When we are born, we are dependent on our parents or a carer to look after us. We quickly learn that it pays to do the right thing by them. This gains their approval and makes them happy.
We also learn, as we progress through life, if we win and do well, we feel emotionally happy.
We develop a bank of information in our subconscious that is our ‘hard drive’. This info is all that we learn on how to process what is happening in our life. Importantly, we want to feel happy. To feel happy, we have to be right and get our own way. We look for validation that what we think is right for us. This often relates to topics like religion, sex, money, politics, and our heritage. It can also relate to who should do what chores at home, how you parent and what you are allowed to do in a relationship.
If someone has a different idea on a topic to us, their programming does not align with ours. And this will often create conflict.
The conflict arises because we think we are right and they are wrong.
This conflict comes from our ego.
The ego hates being wrong. It has to get its own way and be right. It needs someone to agree with it and validate it. If someone won’t (because they think they are right), the ego will set out to prove them wrong and will try to coerce them (emotionally and/or physically) into believing what we believe. For example, think about how a discussion on a topic can quickly turn into an argument and then may even become heated.
Ultimate outcome? Both people feeling resentful.
When you are trying to prove you are right, you don’t have a ‘knowing’ you are right. The more people you get on side, the more you convince yourself you are right.
Notice how when two friends have a falling out, they call all their friends and quickly give their side of the story and bag the other person out. The more friends who take their side, the better they feel.
Sometimes, this convincing others turns into manipulation and controlling. “If you want to take their side, you are not a friend of mine”, “You must be stupid to listen to them”, “You’re racist if you don’t support this”.
Your ego will do whatever it takes to get its own way. For many, it doesn’t care who it hurts at the time.
This is the thinking of a person who feels insecure.

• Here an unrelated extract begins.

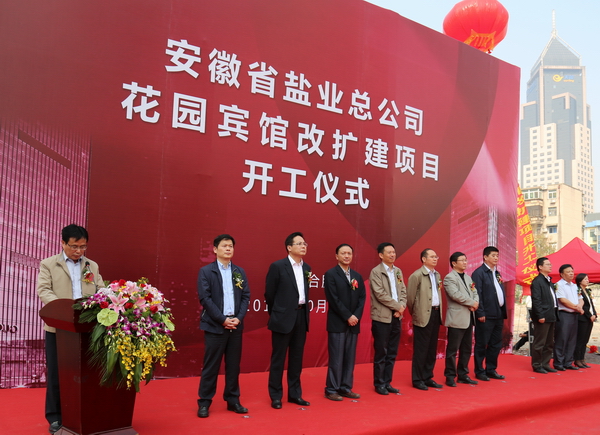 2014年10月18日上午,安徽省花園賓館改擴(kuò)建項(xiàng)目在花園賓館舉行隆重的開(kāi)工奠基儀式,參加儀式的嘉賓有:中共廬陽(yáng)區(qū)委書(shū)記吳勁、副書(shū)記張家祥,廬陽(yáng)區(qū)副區(qū)長(zhǎng)李仲生、中建八局四公司董事長(zhǎng)周可璋及相關(guān)協(xié)作單位、省鹽業(yè)總公司總經(jīng)理詹先豪,副總經(jīng)理王良貴、顏?zhàn)谌A、楊曉彬,省公司本部機(jī)關(guān)處室及直屬公司主要負(fù)責(zé)人。

When you fail to allow another person to have their point of view, you are not respecting them. You are being selfish and controlling as you are saying your way is the only way.
When you know you are right for you, what do you have to prove?
Nothing.
You are happy with what you know to be true for you.
This is how an emotionally secure person thinks. They will listen to others with the intent to learn rather than defend.
The secure person will respect the view of another person recognising it is ‘right’ for them.